=== How to complete this task ===
In your copy, leave out the pictures and output only the lines from the one holding "Un monumento all'Arcangelo" through the end of the data below, exactly.

* * *

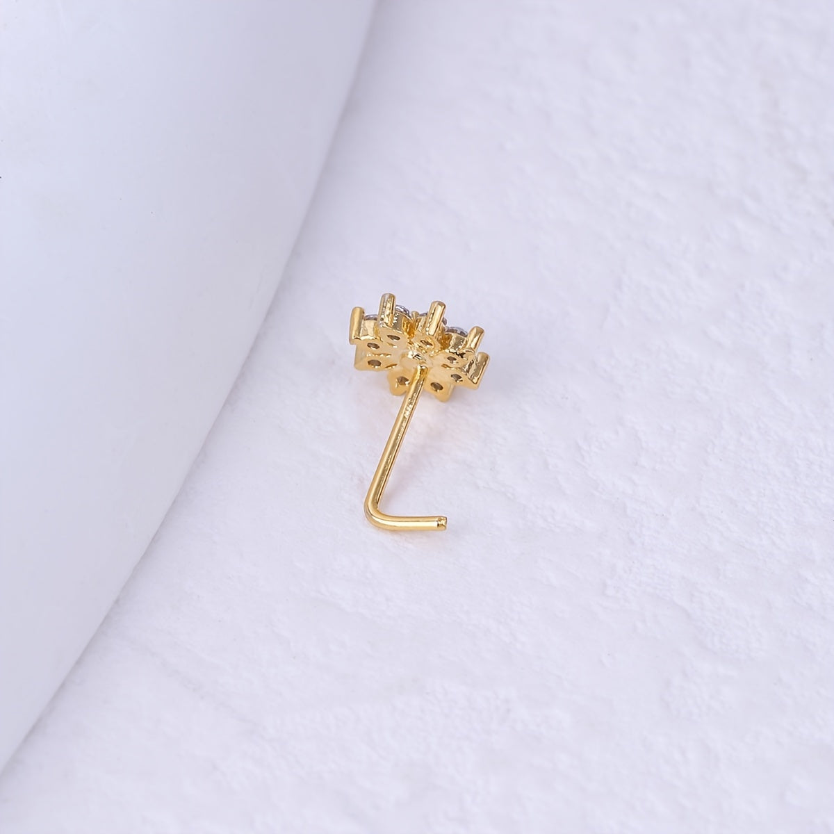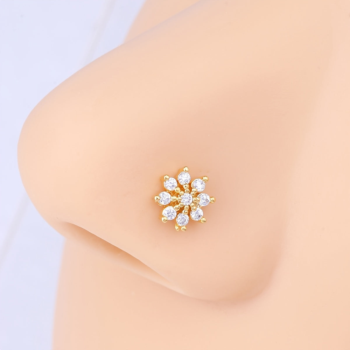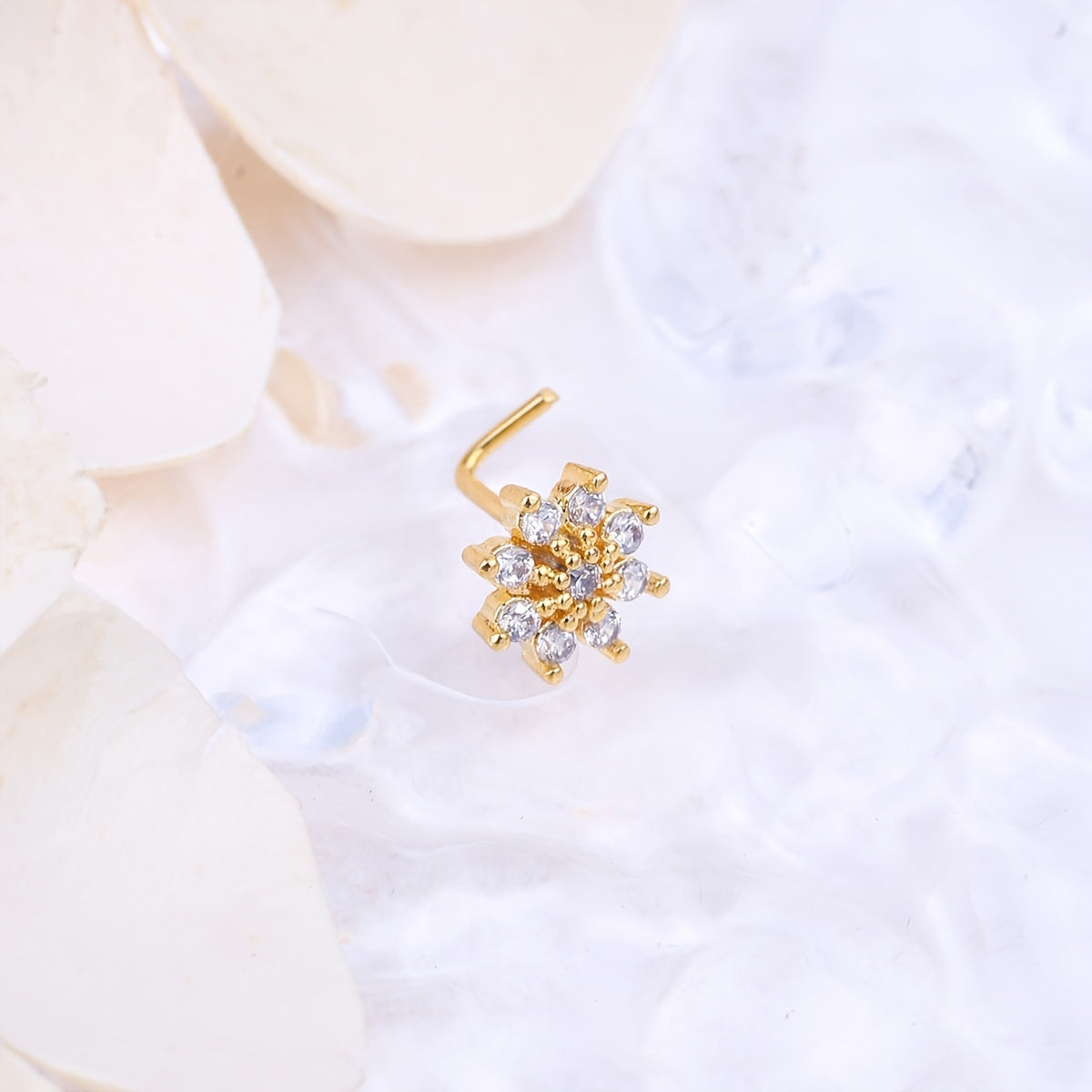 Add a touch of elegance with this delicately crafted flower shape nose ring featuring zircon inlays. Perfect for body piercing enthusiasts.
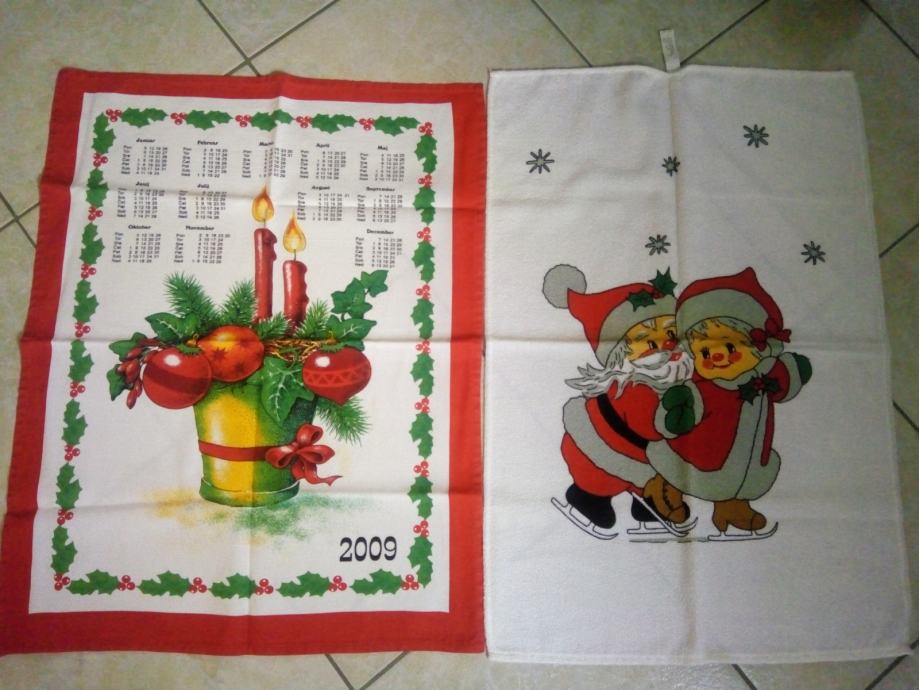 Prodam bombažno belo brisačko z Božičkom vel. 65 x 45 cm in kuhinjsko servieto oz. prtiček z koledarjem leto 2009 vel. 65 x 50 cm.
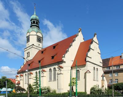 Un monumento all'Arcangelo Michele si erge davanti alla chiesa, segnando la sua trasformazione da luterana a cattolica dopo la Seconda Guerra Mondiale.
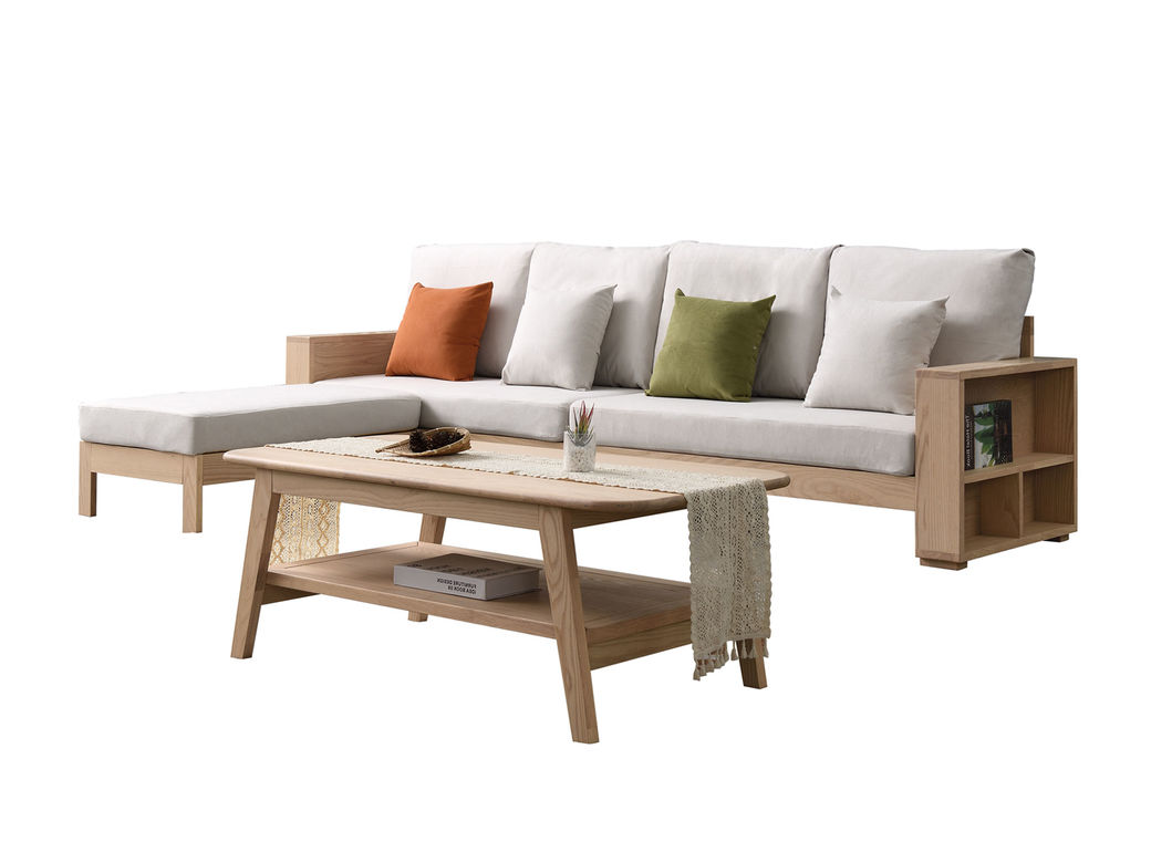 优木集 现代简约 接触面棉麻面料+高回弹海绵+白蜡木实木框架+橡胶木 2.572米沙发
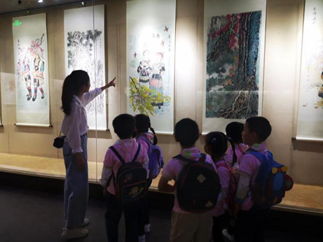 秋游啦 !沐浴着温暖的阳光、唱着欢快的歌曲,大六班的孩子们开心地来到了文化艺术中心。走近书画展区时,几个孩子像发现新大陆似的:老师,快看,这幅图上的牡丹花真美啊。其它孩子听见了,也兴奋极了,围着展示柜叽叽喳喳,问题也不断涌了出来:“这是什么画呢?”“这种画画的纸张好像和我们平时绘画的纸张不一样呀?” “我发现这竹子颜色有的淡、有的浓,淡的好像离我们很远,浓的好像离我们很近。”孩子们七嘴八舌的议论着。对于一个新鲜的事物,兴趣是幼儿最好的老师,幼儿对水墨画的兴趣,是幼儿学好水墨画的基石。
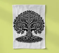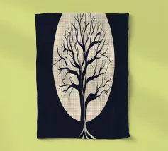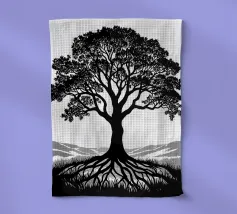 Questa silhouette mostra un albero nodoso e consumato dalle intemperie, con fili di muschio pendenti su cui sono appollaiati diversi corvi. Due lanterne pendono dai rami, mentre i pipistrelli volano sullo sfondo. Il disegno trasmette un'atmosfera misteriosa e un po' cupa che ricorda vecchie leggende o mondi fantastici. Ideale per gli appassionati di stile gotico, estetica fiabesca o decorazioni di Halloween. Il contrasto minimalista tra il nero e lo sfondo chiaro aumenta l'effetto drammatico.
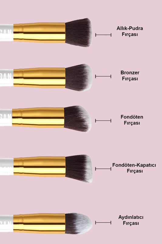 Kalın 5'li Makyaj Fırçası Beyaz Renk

* * *

=== Exercise answer ===
 Un monumento all'Arcangelo Michele si erge davanti alla chiesa, segnando la sua trasformazione da luterana a cattolica dopo la Seconda Guerra Mondiale.
 优木集 现代简约 接触面棉麻面料+高回弹海绵+白蜡木实木框架+橡胶木 2.572米沙发
 秋游啦 !沐浴着温暖的阳光、唱着欢快的歌曲,大六班的孩子们开心地来到了文化艺术中心。走近书画展区时,几个孩子像发现新大陆似的:老师,快看,这幅图上的牡丹花真美啊。其它孩子听见了,也兴奋极了,围着展示柜叽叽喳喳,问题也不断涌了出来:“这是什么画呢?”“这种画画的纸张好像和我们平时绘画的纸张不一样呀?” “我发现这竹子颜色有的淡、有的浓,淡的好像离我们很远,浓的好像离我们很近。”孩子们七嘴八舌的议论着。对于一个新鲜的事物,兴趣是幼儿最好的老师,幼儿对水墨画的兴趣,是幼儿学好水墨画的基石。
 Questa silhouette mostra un albero nodoso e consumato dalle intemperie, con fili di muschio pendenti su cui sono appollaiati diversi corvi. Due lanterne pendono dai rami, mentre i pipistrelli volano sullo sfondo. Il disegno trasmette un'atmosfera misteriosa e un po' cupa che ricorda vecchie leggende o mondi fantastici. Ideale per gli appassionati di stile gotico, estetica fiabesca o decorazioni di Halloween. Il contrasto minimalista tra il nero e lo sfondo chiaro aumenta l'effetto drammatico.
 Kalın 5'li Makyaj Fırçası Beyaz Renk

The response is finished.